**INSTRUCTIONS TO FOLLOW:**
For the material below, output exactly the span from the line with "Los presidentes que" to the line with "Konkursa žūrija ar", including both, and nothing besides.
****************************************
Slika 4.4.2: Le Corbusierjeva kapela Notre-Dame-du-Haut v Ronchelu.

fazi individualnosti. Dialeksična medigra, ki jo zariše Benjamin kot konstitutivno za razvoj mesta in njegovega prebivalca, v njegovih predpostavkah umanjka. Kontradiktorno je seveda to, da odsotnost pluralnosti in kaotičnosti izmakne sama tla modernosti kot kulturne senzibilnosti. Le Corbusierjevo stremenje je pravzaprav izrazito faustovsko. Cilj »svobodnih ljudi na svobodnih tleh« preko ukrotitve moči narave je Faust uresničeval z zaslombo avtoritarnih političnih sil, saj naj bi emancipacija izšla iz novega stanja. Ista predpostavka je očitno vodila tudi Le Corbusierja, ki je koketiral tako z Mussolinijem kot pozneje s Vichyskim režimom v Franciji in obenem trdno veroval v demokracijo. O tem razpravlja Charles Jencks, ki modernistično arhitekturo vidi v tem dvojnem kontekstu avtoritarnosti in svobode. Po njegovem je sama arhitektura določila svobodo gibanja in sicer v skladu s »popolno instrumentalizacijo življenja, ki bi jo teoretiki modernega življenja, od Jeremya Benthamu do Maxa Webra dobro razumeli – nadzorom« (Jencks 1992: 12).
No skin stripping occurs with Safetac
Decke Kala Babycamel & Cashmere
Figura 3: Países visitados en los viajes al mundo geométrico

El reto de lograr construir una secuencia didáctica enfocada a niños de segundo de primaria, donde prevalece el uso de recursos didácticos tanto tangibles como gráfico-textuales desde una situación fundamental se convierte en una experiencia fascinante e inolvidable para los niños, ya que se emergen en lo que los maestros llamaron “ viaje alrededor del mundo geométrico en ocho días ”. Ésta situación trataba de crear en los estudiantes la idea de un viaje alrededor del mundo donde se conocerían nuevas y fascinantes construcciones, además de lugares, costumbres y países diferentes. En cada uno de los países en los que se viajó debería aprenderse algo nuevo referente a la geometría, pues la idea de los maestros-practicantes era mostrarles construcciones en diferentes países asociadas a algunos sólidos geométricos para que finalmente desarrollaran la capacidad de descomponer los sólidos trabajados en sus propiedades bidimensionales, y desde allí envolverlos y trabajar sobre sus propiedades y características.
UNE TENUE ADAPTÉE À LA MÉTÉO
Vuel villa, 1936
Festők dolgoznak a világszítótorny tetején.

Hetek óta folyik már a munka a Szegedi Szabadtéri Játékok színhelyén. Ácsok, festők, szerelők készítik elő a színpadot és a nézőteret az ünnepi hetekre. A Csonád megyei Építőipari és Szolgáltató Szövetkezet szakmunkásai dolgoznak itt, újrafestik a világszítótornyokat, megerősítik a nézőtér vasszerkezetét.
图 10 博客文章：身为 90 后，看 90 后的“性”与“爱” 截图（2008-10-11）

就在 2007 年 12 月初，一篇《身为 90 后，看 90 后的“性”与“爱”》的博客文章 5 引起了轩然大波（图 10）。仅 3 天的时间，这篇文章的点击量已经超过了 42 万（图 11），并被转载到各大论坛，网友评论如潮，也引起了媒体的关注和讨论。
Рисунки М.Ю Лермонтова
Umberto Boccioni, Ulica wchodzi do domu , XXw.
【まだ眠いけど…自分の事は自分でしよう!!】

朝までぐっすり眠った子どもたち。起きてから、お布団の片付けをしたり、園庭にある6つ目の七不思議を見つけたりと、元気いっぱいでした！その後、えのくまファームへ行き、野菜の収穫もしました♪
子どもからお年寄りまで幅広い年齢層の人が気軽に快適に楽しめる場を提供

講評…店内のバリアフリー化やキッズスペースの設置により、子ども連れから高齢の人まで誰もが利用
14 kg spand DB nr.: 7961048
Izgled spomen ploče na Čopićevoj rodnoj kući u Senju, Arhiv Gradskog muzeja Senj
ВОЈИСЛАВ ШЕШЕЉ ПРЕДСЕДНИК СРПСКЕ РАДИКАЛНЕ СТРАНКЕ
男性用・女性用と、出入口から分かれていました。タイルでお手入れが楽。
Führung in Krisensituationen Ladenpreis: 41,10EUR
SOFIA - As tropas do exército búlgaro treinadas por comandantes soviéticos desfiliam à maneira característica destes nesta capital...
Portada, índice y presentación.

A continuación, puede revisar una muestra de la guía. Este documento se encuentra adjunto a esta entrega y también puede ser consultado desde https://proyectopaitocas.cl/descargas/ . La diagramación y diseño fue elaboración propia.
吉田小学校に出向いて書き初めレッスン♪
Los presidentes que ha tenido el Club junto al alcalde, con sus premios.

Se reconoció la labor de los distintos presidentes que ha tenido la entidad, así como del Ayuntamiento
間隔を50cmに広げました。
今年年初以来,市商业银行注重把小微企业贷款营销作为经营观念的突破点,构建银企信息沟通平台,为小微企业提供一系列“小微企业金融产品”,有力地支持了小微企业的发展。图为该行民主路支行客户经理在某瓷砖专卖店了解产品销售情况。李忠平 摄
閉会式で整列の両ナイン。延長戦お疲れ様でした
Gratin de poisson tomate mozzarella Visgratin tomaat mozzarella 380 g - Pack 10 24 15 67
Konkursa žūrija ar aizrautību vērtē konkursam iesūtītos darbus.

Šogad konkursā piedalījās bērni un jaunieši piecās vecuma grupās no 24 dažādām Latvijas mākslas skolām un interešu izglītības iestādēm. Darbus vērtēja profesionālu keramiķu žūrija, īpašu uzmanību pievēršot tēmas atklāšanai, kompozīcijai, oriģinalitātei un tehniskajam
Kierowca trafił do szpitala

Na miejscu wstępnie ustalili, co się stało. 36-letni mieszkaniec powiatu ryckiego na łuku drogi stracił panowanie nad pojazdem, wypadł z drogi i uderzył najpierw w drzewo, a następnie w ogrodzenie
****************************************
**RESPONSE TO THE EXERCISE:**
Los presidentes que ha tenido el Club junto al alcalde, con sus premios.

Se reconoció la labor de los distintos presidentes que ha tenido la entidad, así como del Ayuntamiento
間隔を50cmに広げました。
今年年初以来,市商业银行注重把小微企业贷款营销作为经营观念的突破点,构建银企信息沟通平台,为小微企业提供一系列“小微企业金融产品”,有力地支持了小微企业的发展。图为该行民主路支行客户经理在某瓷砖专卖店了解产品销售情况。李忠平 摄
閉会式で整列の両ナイン。延長戦お疲れ様でした
Gratin de poisson tomate mozzarella Visgratin tomaat mozzarella 380 g - Pack 10 24 15 67
Konkursa žūrija ar aizrautību vērtē konkursam iesūtītos darbus.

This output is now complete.